Professional counsellors assimilate this truth better than others. Doctors, therapists, analysts and astrologers, ranging from the greatest charlatans to the most initiated, fortune tellers ranging from the most enlightened to the most manipulative, are dealing with urgency and they know that time is not the uniform substance which the calendar divides into homogenous segments. Time is elastic. Brief moments can go on for ever and long periods can seem short. Minute instants can point a whole life in one direction through decisions, opportunities or accidents, just as routine can rattle around in a closed sphere.
The ancient Greeks were already contrasting passions with wisdom: the quality of immediacy which wants to perpetuate itself deliciously with total impunity and the pearly quality of distance, seeking balance, stability and calm equality. Psychological functions within us are ready to discuss all sorts of sacrifices -
those which the future must offer the present,
those which the present is willing to concede to the future.

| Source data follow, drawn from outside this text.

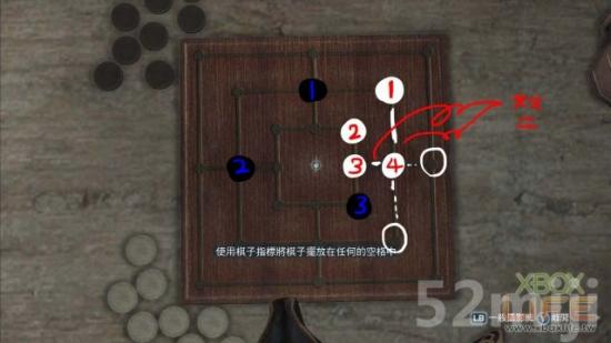 在此教各位一个莫里斯九子棋百战百胜的办法,选择先下,乍看之下,佔中间比较有优势,不过你却先故意下在两个相近的角落上,这时电脑会去抢佔与你不相邻的中间。
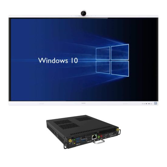 Een van de belangrijkste voordelen van de Huawei IdeaHub S2 is de mogelijkheid om een mini PC in OPS-formaat (Open Pluggable Specification) te integreren, wat de video conference-ervaring aanzienlijk verrijkt. Deze module, die direct achter het scherm wordt geplaatst, maakt het mogelijk om professionele software te installeren (Office 365-suite, videoconferentieplatforms, enz.). zonder dat u een externe computer hoeft aan te sluiten. Het voordeel is duidelijk: alles is gecentraliseerd binnen hetzelfde apparaat, waardoor onnodige kabels worden geëlimineerd, de opstarttijden worden verkort en het risico op een verbroken verbinding tijdens een vergadering wordt geminimaliseerd. .
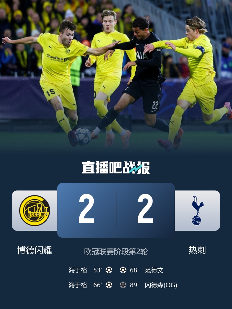 在歐冠聯賽小組賽第二輪中,博德閃耀在主場阿斯米拉體育場與熱刺展開角逐,最終戰成2-2平局,雙方為球迷奉獻了一場跌宕起伏的比賽。
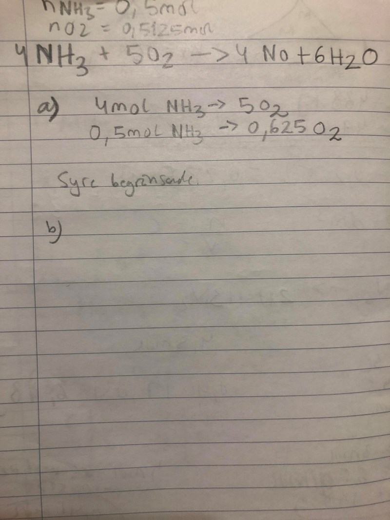 Syre är begränsande reaktant. Men hur ska man tänka uppgift B?
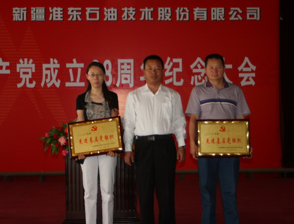 随后,大会主持人王玉新宣读公司党委下发的表彰决定,常文玖副书记为获得“优秀共产党员”称号的员工颁发奖状,由秦勇书记为获得“先进基层党组织”称号的单位颁发了奖牌。
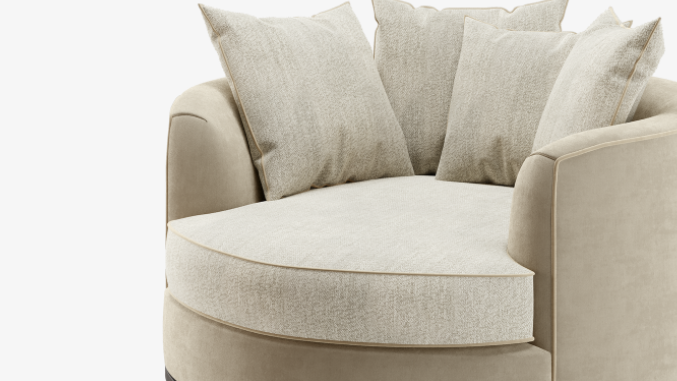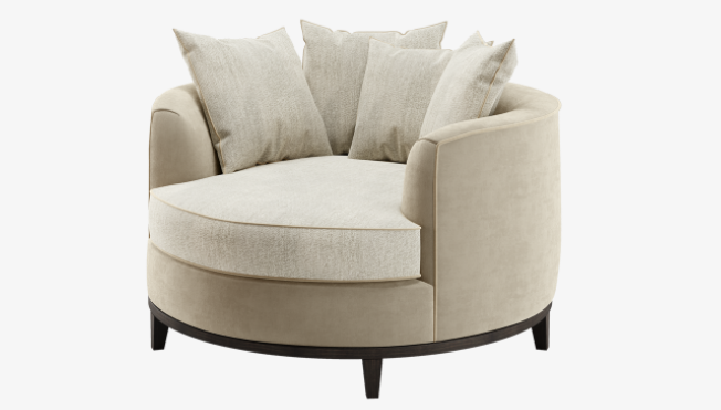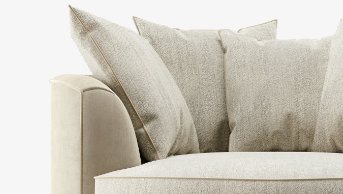 The loveseat-style KANSAS offers a different perspective on sofa design. A true circle filled with plump cushions, it invites you to curl up in absolute comfort. Signature design details include contrast upholstery and a solid wood base.
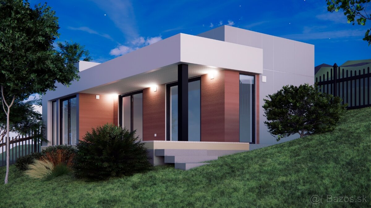 Modulárny dom, chata, kancelárske, obchodné priestory - TOP - [25.3. 2026]Nový, dvojmodulový dom s projektovou dokumentáciou v tvare – L,(7x3m + 6x3m) s rozlohou 39 m². Dom je zo zváranej oceľovej konštrukcii, zateplený sendvičovými PIR panelmi, z interiéru je povrchová úprava sadrokartón. Exteriér, kombinácia zateplenia so silikónovou omietkou, plechovým a dreveným obkl ...
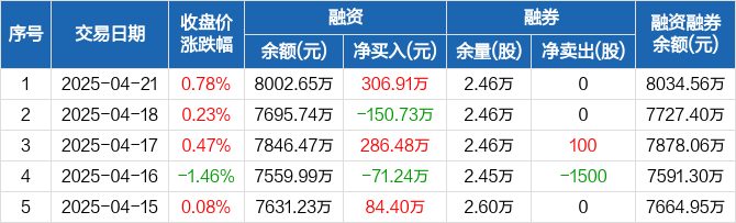 融资方面,当日融资买入597.42万元,融资偿还290.51万元,融资净买入306.91万元。融券方面,融券卖出0股,融券偿还0股,融券余量2.46万股,融券余额31.91万元。融资融券余额合计8034.56万元。
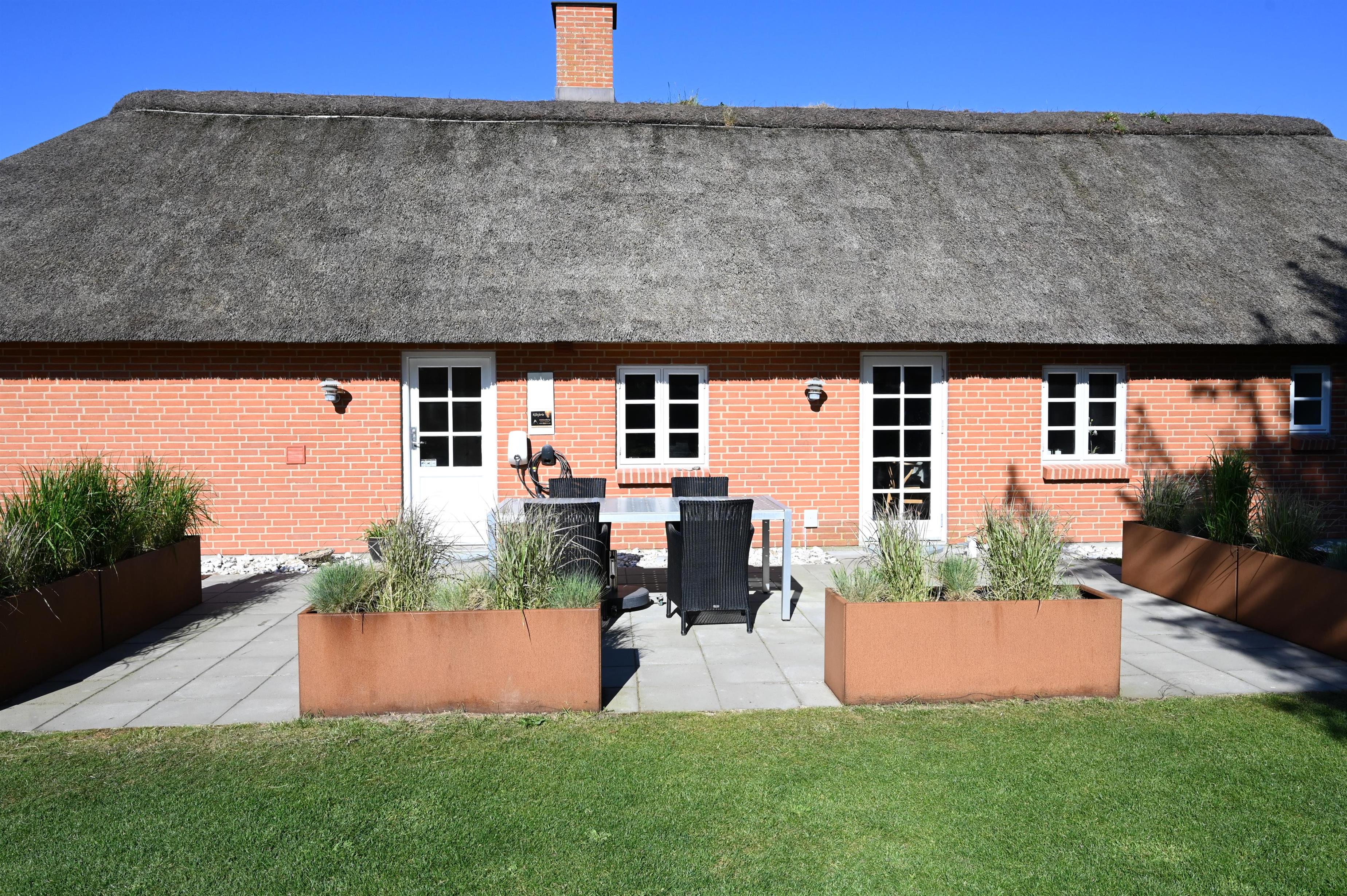 Huset er praktisk og smagfuldt indrettet med fokus på komfort og funktionalitet. Her er alle moderne faciliteter, du har brug for til en bekymringsfri ferie. Den 1.240 m² store grund er solrig og velplejet, med masser af plads til leg, afslapning og udeliv. Der er to dejlige terrasser – en mod øst og en mod vest – så du altid kan finde en hyggelig krog med sol eller læ. I sommersæsonen står havemøblerne klar til morgenkaffen, grillmiddagen eller aftenhyggen under åben himmel.
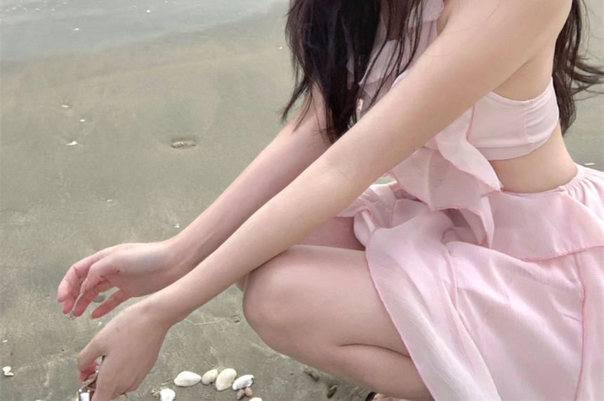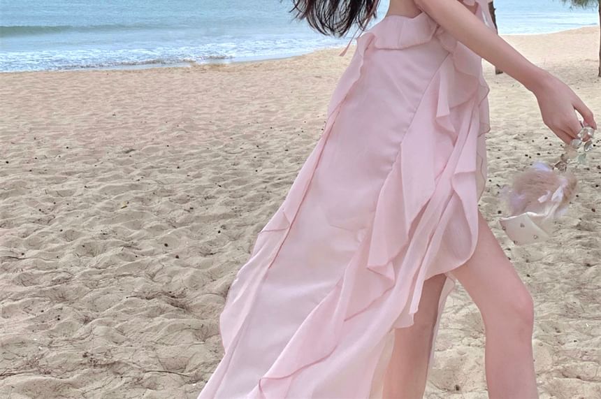Dress Mini Ruffle Plain Neck Trim Cutout A-Line Halter

Life exerts a fascination which can draw the subjective faculties into excessive experimentation. To use our terminology: the moon and its emotions, Venus and its feelings and Mars and its desires will form a chain and stimulate each other mutually. The body quickly pays the price for what went on earlier. Sexual excess weakens the kidneys, alcohol ruins the liver and the blood, and smoking damages the lungs. When Mercury tries to look like the top dog, intellectual overwork, which seems all the more noble in our culture for being perverse, surreptitiously attacks the nerves and accentuates the mental ego. The slow vibrations of higher spiritual waves cannot penetrate it any longer to enable the brain to undertake new intuitive processes. Excessive food intake, to which women, the yin, are often prone, produces intellectual laziness under the auspices of the moon and problems throughout the body. Men, who continue to think about work while eating an appropriate diet, develop cardiovascular disease, as if their hearts were compressed and crying out for help. If we abandon ourselves to permanent structuring and checks, our mind, which is unnaturally rigid, unfailingly causes bone or joint diseases, variable degrees of backache and a few manias. One could even go into more detail and say that exuberant, cultivated emotions will eventually affect the stomach, chronic fear will affect the kidneys and endless sadness the lungs.